This baby will forever be a part of my heart.
I have been trying to avoid these emotions that are arising. Trying to pretend they don't exist. Pretend we haven't endured so much loss in just 12 short months.
That's just it, we have endured the loss. Not succumbed. Endured. Continued in this existence. We have become stronger in this adventure. Therefore, I have decided to hang this ornament. A friend, very near and dear to my heart, sent me the other ornament. This ornament means so much to me. It recognizes that I am a mother. No, I never held my babies. It doesn't change the fact that I had 3 precious little ones inside that stole a piece of my heart when they left this earth to meet their Heavenly Father. I can't change the past. I can't worry about the many "why" questions. I can't go back in time. What I can do, is spend this holiday remembering the babies lost and remembering who holds them. That being said, I may lose it a few times. I may have a hard time with reality and in turn, there will be tears. Unabashed, just allow me to let them fall. Please. And when I get embarrassed on my own accord...cause it's bound to happen...tell me it's okay to let them fall and it doesn't bother you. Haha. Yeah, someone crying out of the blue isn't uncomfortable at all, is it?

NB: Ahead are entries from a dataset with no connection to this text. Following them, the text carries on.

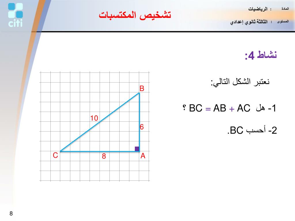 الرياضيات المادة: تشخيصالمكتسبات الثالثة ثانوي إعدادي المستوى: نشاط 4: نعتبر الشكل التالي: B 1- هل BC = AB + AC ؟ 10 6 2- أحسب BC. C A 8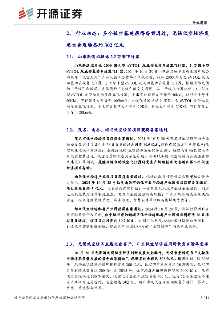 开源证券:电力设备行业周报:低空经济行业周报:(11月第1周)多地低空基建备案获得通过,山东高速无人机拟招标国内首次.pdf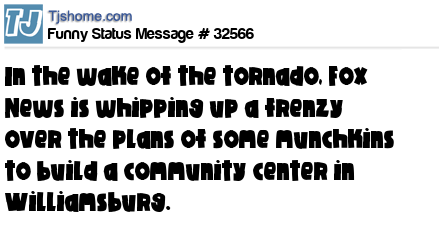 X is In the wake of the tornado, Fox News is whipping up a frenzy over the plans of some munchkins to build a community center in Williamsburg.

Merry early Christmas. Love the ones you're with.
Vicky, out.
Love you!!! I saw a friend post about an ornament they got in memory of their baby almost seven years ago. It's a sweet but hard reminder. I have nothing tangible of the baby we lost. Sort of wish I did. But now I almost feel like it's been too long. Silly I know. Ok ramble over. Haha! Merry Christmas to you and Phil!